# “We will plant Pakistan’s flag on Delhi’s Red Fort”



## abhijangda (Apr 24, 2010)

Zaid Hamid has rock star status in Pakistan. He is fawned upon, venerated and even worshipped as the messiah who will lead Pakistan from the depths of hell. But music is not his forte. Wild and absurd conspiracy theories, real and imagined wrongs done to Pakistan and the Muslim world, and a rabid dislike nay hatred of all things Indian, American and Jewish are his calling cards.
His ultimate and stated goal: "To plant the flag of Pakistan on the Red Fort in Delhi" and to 'ensure that Pakistan inherits its rightful place at the helm of the Islamic world". Gems like these are strewn across the cyber world.
In TV studios, in public meetings, public blogs on the Web, and more recently in a series of lectures across Pakistan's universities titled "Wake Up Pakistan", quoting poet philosopher Allama Iqbal, Quaid-e-Azam Jinnah and Quranic texts, Hamid is one of a growing band of conspiracy theorists and demagogues in Pakistan. The list includes Farhat Hashmi, Aamir Liaqat, Ahmed Quraishi, Munawar Hussain, among others.
A leit motif of these band of 'broadcast jihadists' is a propensity to outsource the source of Pakistan's deep-set troubles and travails to a combination of Indian perfidy, American ambitions on Muslim lands (and oil), and Jewish designs in neutralising the 'only Muslim nuclear power in the world'. A deep-set feeling of victimhood and a strong desire to rollback and remedy the perceived 'historical wrongs' animate their discourse.
For them, 9/11 attack was a "Jewish conspiracy", 26/11 an "Indian drama" out to defame and defang Pakistan and its security establishment; a psycho war that the enemies have forged to paint Pakistan as 'Terrorism Central" with the ultimate aim of seizing its nuclear weapons and bring the "Islamic Republic" to its knees.
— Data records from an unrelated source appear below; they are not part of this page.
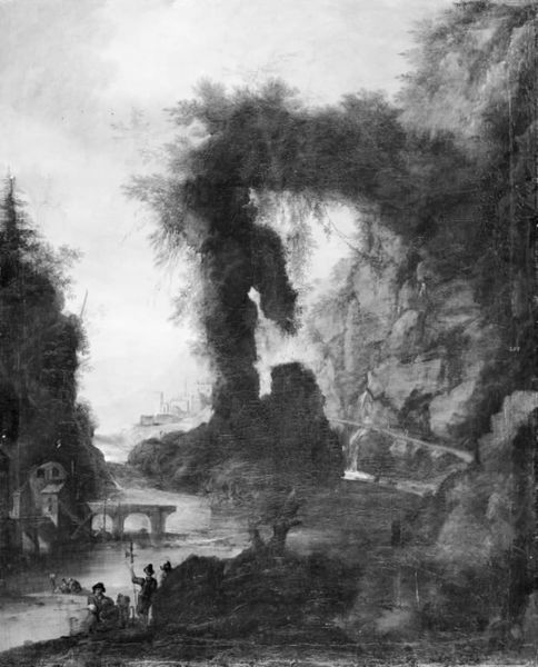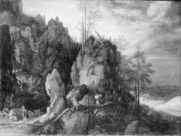 Pieter Stevens painted "Rocky Landscape with a Goat Hunt" using oil on canvas. Notice the dramatic interplay of light and shadow which dominates this monochrome vista. The composition is structured around a series of layered rock formations, creating a sense of depth and enclosure, drawing us into a scene of primal wilderness. The heavy chiaroscuro does more than just depict light; it creates an emotional terrain. This aesthetic links to the Mannerist style, which prized artifice and emotional intensity over naturalistic representation. The landscape isn't merely a backdrop, but an active participant in the drama, a stage where the hunt unfolds. Stevens uses the landscape to destabilize conventional meanings, suggesting that nature isn't just a backdrop to human activity, but a powerful force that shapes human destinies. In this work, Stevens asks us to reconsider our relationship to the natural world, prompting us to recognize the inherent power of the landscape.
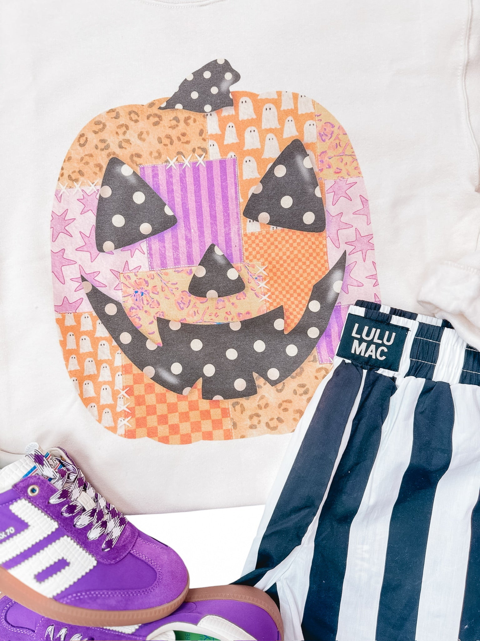 Celebrate the spooky season in style with the Patchwork Jack O Lantern Sweatshirt, designed for both youth and adults. Featuring a charming patchwork pumpkin design, this cozy sweatshirt brings festive Halloween spirit to your wardrobe. Perfect for chilly autumn nights, it offers comfort and a playful look that’s great for trick-or-treating or seasonal gatherings. Embrace the fun of Halloween with this unique and comfortable sweatshirt.
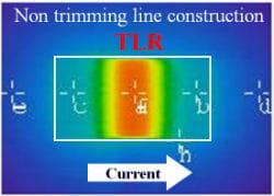 KOAs TLR series uses a special trimming method which not only offers resistance tolerances to 1% but also very high reliability. This method prevents trimming cuts to the element ensuring an even temperature distribution and a smooth current flow. This results in very low inductance values down to ø0.1nH (dependent of size and value).
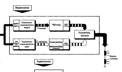 Физические процессы, протекающие при магнитной записи сигналов изображения (видеосигналов), такие же, как при записи звуковых сигналов. Однако, отличие характеристик этих сигналов вынуждает изменять технические решения при конструировании видеомагнитофонов.
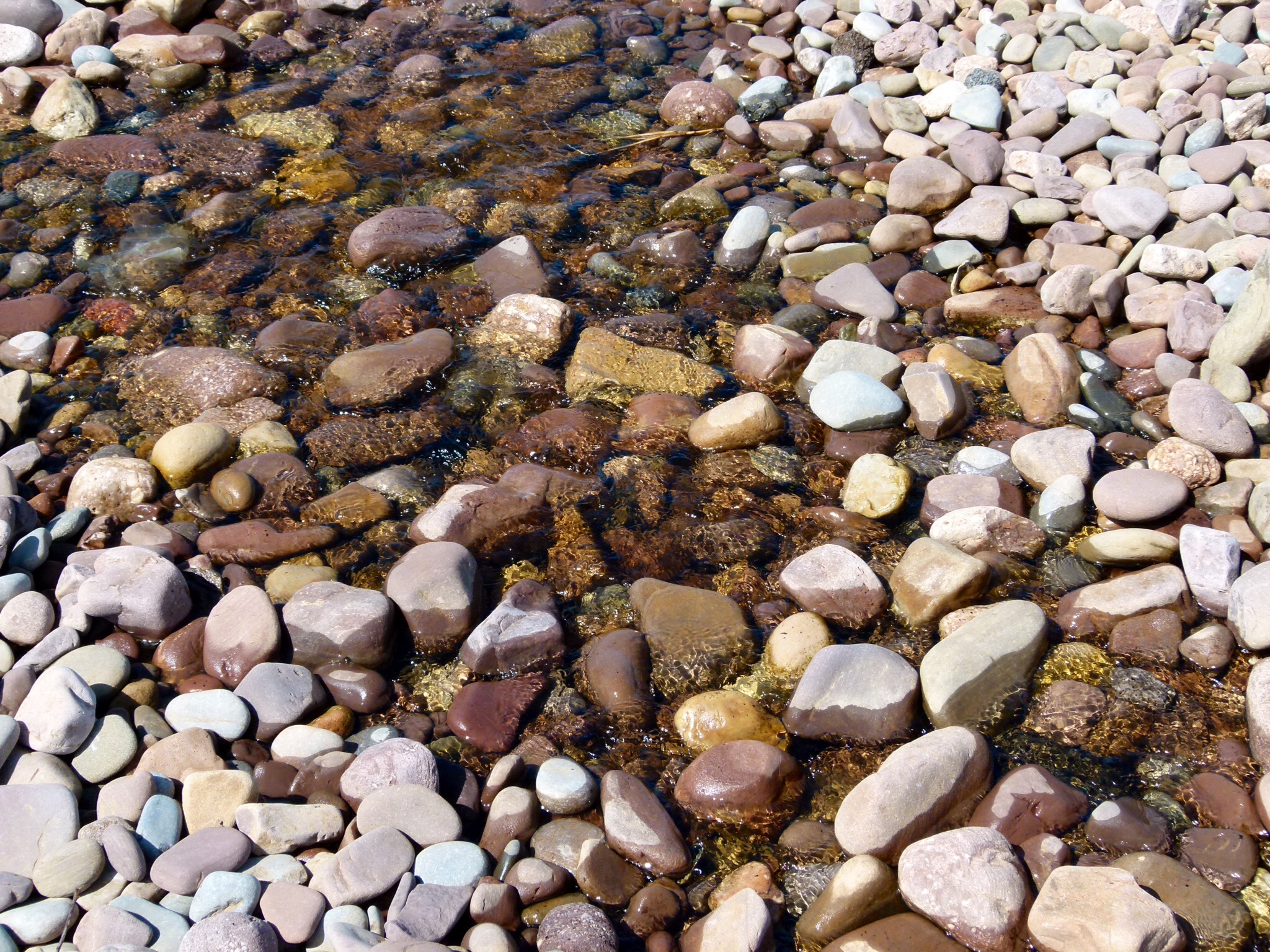 More pebbles at Rhossili 5 – The stream known as Diles Lake flowing through a thick bank of pebbles on the Llangennith end of Rhossili beach in Gower, South Wales.
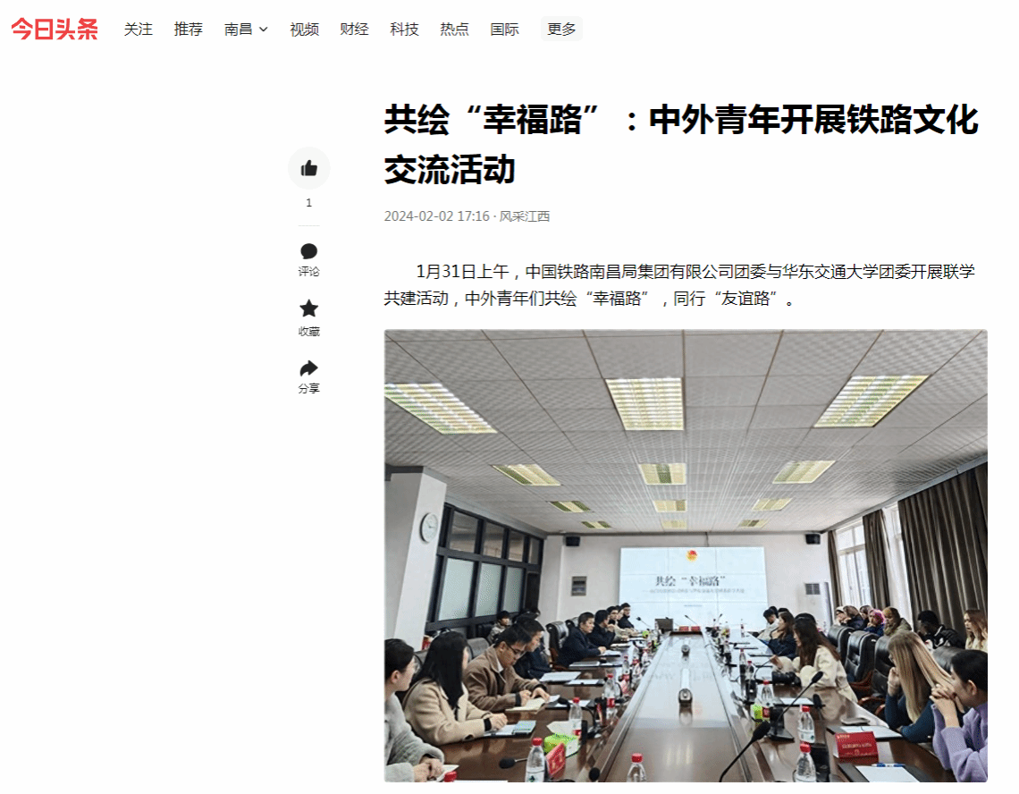 1月31日上午,中国铁路南昌局集团有限公司团委与beat365正版唯一官网必一团委开展联学共建活动,中外青年们共绘“幸福路”,同行“友谊路”。

Read On *news.in.msn.com/national/article.aspx?cp-documentid=3816642


----------



## lywyre (Apr 24, 2010)

abhijangda said:


> For them, 9/11 attack was a "Jewish conspiracy", 26/11 an "Indian drama" out to defame and defang Pakistan and its security establishment; a psycho war that the enemies have forged to paint Pakistan as 'Terrorism Central" with the ultimate aim of seizing its nuclear weapons and bring the "Islamic Republic" to its knees.



Pity them. Some day we are gonna give into their provocation and they are going to pay so dearly.


----------



## sujoyp (Apr 24, 2010)

y dont educated Muslims do somethings about people like these...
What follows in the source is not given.